I can then loop over all the files I want to copy and use "file" command which will tell me what it is, and in the case of images, what their resolution is. If I then grep for that resolution, I can work on the returncode ($?) from grep and move the file into the directory. It is not optimised, because that would take much more thinking and probably using an array to avoid querying the files more than once.

Second half of the function deals with the resolution target directory after the files have been copied. In a sub-shell, jump into the resolution directory and then rename files that does not match the pattern J or P followed by digits, ending in .jpg or .png. The move command also will avoid over-writing existing files.

This allowed me to process about ten thousand images into a dozen specific directories based on resolution in about 30 minutes.

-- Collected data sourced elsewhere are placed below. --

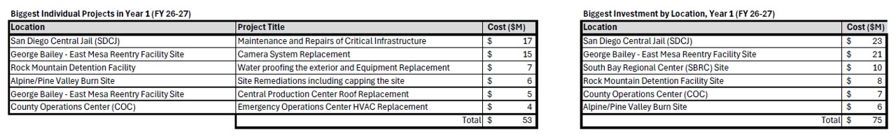 In addition to the Capital Plan, we also forecast repairs and maintenance of our existing facilities through a program called the Major Maintenance Implementation Plan (or “MMIP” for short). This 2-year plan identifies critical repairs needed at County sites, facility structures, and major building systems like mechanical, electrical, and plumbing that support ongoing operational needs. Click here for information about MMIP Fiscal Year 26-27.
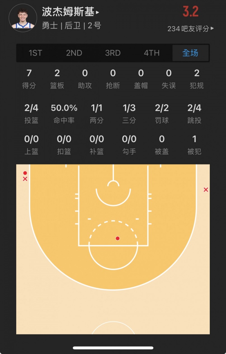 勇士19号秀 布兰丁-波杰姆斯基 出战18.6分钟
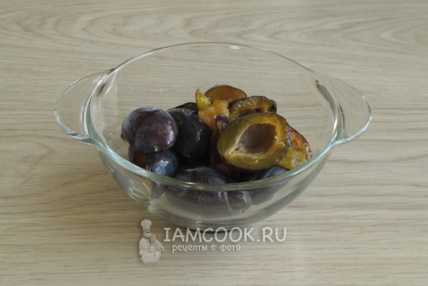Свежие сливы разрежьте на половинки и удалите косточки.
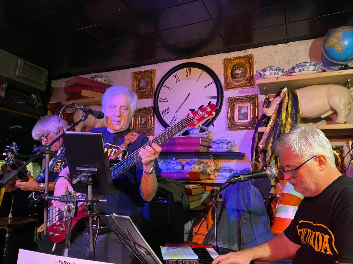 Ancora Blues con il gruppo di CHE MUSICA A MILANO con Viki Ferrara (batteria e voce), Giorgio Fazzini (basso e voce), Vittore Andreotti (tastiere), Gilberto Ziglioli (chitarra). New Dada.

The second function is this:

function wallpaperz () {
  (
    FILES2560x1600=(Pictures/Wallpapers/2560x1600/*)
    FILES3840x2160=(Pictures/Wallpapers/3840x2160/*)
    while true
    do
      RND=$(( $RANDOM % ${#FILES3840x2160[@]} ))
      xwallpaper --output DP-0.8 --zoom ${FILES3840x2160[$RND]};
      RND=$(( $RANDOM % ${#FILES2560x1600[@]} ))
      xwallpaper --output DP-2 --zoom ${FILES2560x1600[$RND]}
      sleep 300
    done
  ) & disown
}

I make two arrays based on two distinct resolutions (it is possible to combine them). Then loop and take the remainder of the division of $RANDOM (random number up to 32768) with how many images in the array and then set the distinct display output with this image. Rinse and repeat for the other screen / output. Sleep for five minutes, then do it again. Enclosing it within parenthesis runs this in a subshell - and the ampersand will background the task. 'disown' will detach it from your shell and terminal, meaning you can close the window and shell and it is still running.